Watkins W M, Morgan W T
J Immunogenet. 1976 Feb;3(1):15-27.
Haemagglutination inhibition experiments were carried out with anti-P1, anti-Pk and anti-P sera in an attempt to increase understanding of the chemical, genetical and serological relationships within the P system. The test-substances comprised a glycoprotein with human blood group P1 and Pk activity isolated from sheep hydatid cyst fluid, fragments isolated from the partial acid hydrolysis products of the P1Pk active glycoprotein, glycolipids, monosaccharides and di- and oligo-saccharides of known structure. The trisaccharide alphaGal(1 leads to 4)betaGal(1 leads to 4)GlcNAc isolated from the glycoprotein hydrolysis products, and earlier established as the P1 determinant (Cory et al., 1974), was the only low molecular weight compound that gave strong inhibition with human, rabbit and goat anti-P1 sera. A disaccharide alphaGal(1 leads to 4)Gal, also isolated from the glycoprotein hydrolysis products, failed to react with anti-P1 reagents but inhibited human anti-Pk sera as strongly as the trisaccharide. The glycolipid alphaGal(1 leads to 4)betaGal(1 leads to 4)Glc-Cer (Ceramide trihexoside) and other oligosaccharides containing alphaGal(1 leads to 4)Gal at the non-reducing terminal were also strong inhibitors of anti-Pk sera. Oligosaccharides with terminal alpha-galactosyl residues joined in other positional linkages gave definite, although less strong, inhibition. The inhibition results suggest a close structural relationship between the P1 and Pk determinants and indicate that the specificity of anti-Pk sera is less closely delineated than that of anti-P1. Human anti-P sera differed markedly from anti-P1 and anti-Pk and were not inhibited by any of the compounds containing alpha-galactosyl residues. The glycolipid betaGalNAc(1 leads to 3)alphaGal(1 leads to 4)betaGal(1 leads to 4)Glc-Cer (globoside) strongly inhibited the anti-P sera. The inhibition of anti-Pk and anti-P sera by ceramide trihexoside and globoside, respectively, confirms the observations of Naiki & Marcus (1974) and supports their conclusions that Pk is the precursor of P. The genetic relationship of the P1 antigen to P and Pk is not clear but biosynthetic pathways are discussed that might explain the absence of P1, Pk and P antigens in individuals of the p phenotype.

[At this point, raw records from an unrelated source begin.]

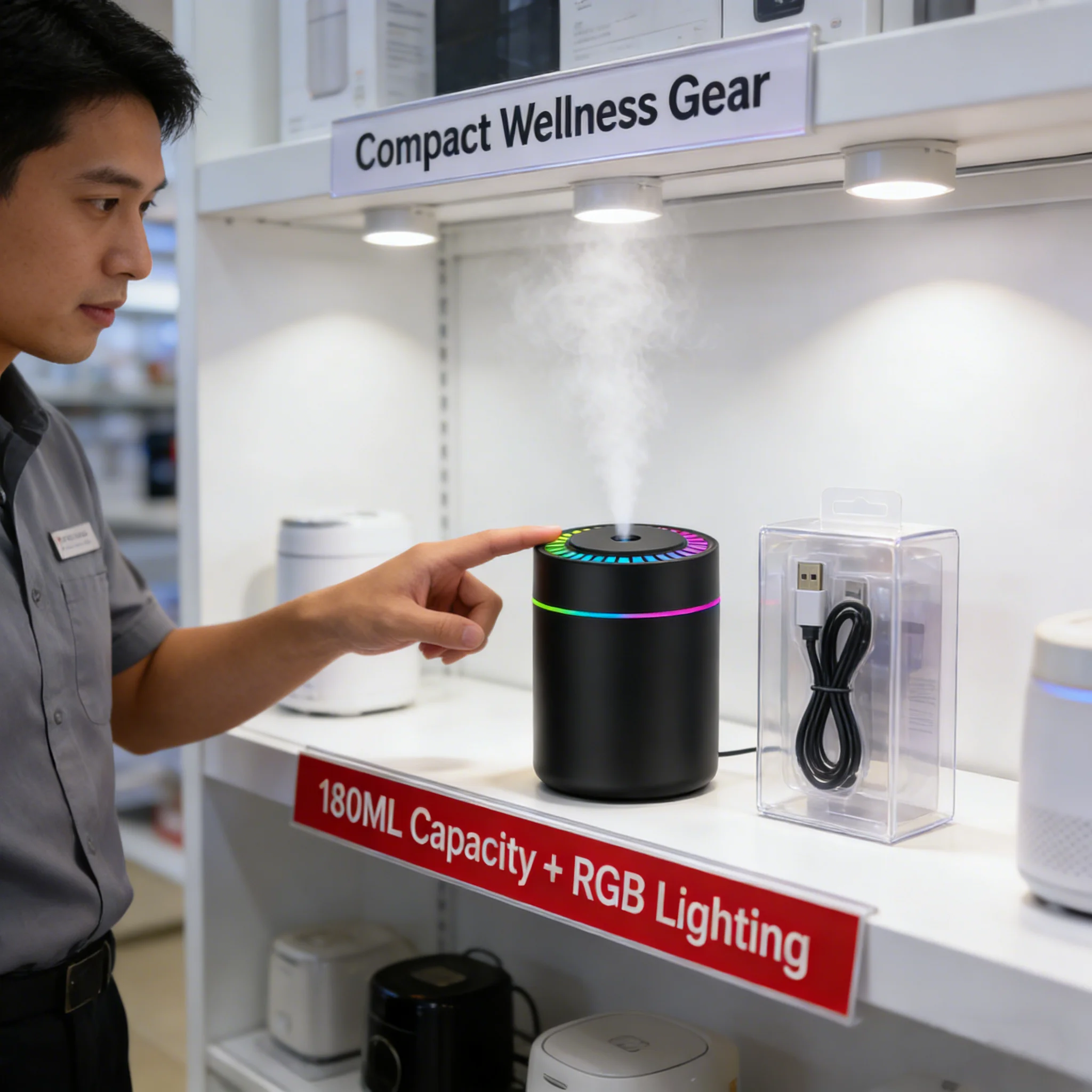 180ml Mini Air Humidifier USB - Ultrasonic Aroma Diffuser, Cool Mist Maker with Night Light for Car Home Office Bedroom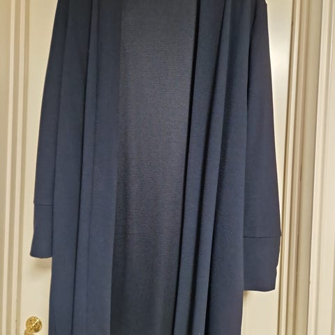 Blazer jakke for dame i størrelse XL. Jakken er blå og har et løst, rett snitt med lange ermer. Åpen front uten lukking og store lommer foran. Egnet som lett ytterjakke eller lag-på-lag-plagg til hverdagsbruk.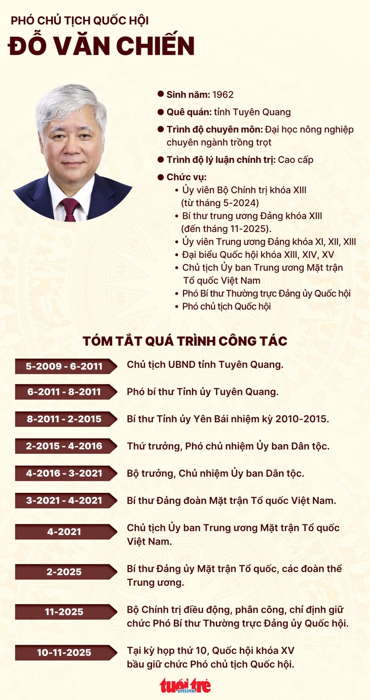 Ông Đỗ Văn Chiến, sinh năm 1962, quê Tuyên Quang. Ông có trình độ chuyên môn Đại học Nông nghiệp chuyên ngành trồng trọt. Trình độ lý luận chính trị cao cấp. Ông là Ủy viên Bộ Chính trị khóa XIII (từ tháng 5-2024); Bí thư Trung ương Đảng khóa XIII (đến tháng 11-2025); Ủy viên Trung ương Đảng khóa X (dự khuyết), XI, XII, XIII; đại biểu Quốc hội khóa XIII, XIV, XV. Ông có thời gian dài công tác tại tỉnh Tuyên Quang, sau đó, làm Thứ trưởng - Phó chủ nhiệm Ủy ban Dân tộc, Bộ trưởng - Chủ nhiệm Ủy ban Dân tộc, Chủ tịch Ủy ban Trung ương Mặt trận Tổ quốc Việt Nam. Ngày 4-11-2025, ông được Bộ Chính trị điều động, phân công, chỉ định tham gia Ban Chấp hành, Ban Thường vụ Đảng ủy và giữ chức Phó bí thư Thường trực Đảng ủy Quốc hội. |

进行了血凝抑制试验,使用抗P1、抗Pk和抗P血清,旨在增进对P系统内化学、遗传和血清学关系的理解。测试物质包括从羊包虫囊肿液中分离出的具有人血型P1和Pk活性的糖蛋白、从P1Pk活性糖蛋白的部分酸水解产物中分离出的片段、糖脂、单糖以及结构已知的二糖和寡糖。从糖蛋白水解产物中分离出的三糖αGal(1→4)βGal(1→4)GlcNAc,先前已确定为P1决定簇(科里等人,1974年),是唯一能与人、兔和山羊抗P1血清产生强烈抑制作用的低分子量化合物。同样从糖蛋白水解产物中分离出的二糖αGal(1→4)Gal,不与抗P1试剂反应,但对人抗Pk血清的抑制作用与三糖一样强。糖脂αGal(1→4)βGal(1→4)Glc-Cer(神经酰胺三己糖苷)和其他在非还原末端含有αGal(1→4)Gal的寡糖也是抗Pk血清的强抑制剂。具有以其他位置连接方式连接的末端α-半乳糖基残基的寡糖产生了明确的抑制作用,尽管强度较小。抑制结果表明P1和Pk决定簇之间存在密切的结构关系,并表明抗Pk血清的特异性不如抗P1血清那样明确界定。人抗P血清与抗P1和抗Pk血清明显不同,且不受任何含有α-半乳糖基残基的化合物抑制。糖脂βGalNAc(1→3)αGal(1→4)βGal(1→4)Glc-Cer(红细胞糖苷脂)强烈抑制抗P血清。神经酰胺三己糖苷和红细胞糖苷脂分别对抗Pk和抗P血清的抑制作用,证实了内木和马库斯(1974年)的观察结果,并支持了他们关于Pk是P的前体的结论。P1抗原与P和Pk的遗传关系尚不清楚,但讨论了可能解释p表型个体中缺乏P1、Pk和P抗原的生物合成途径。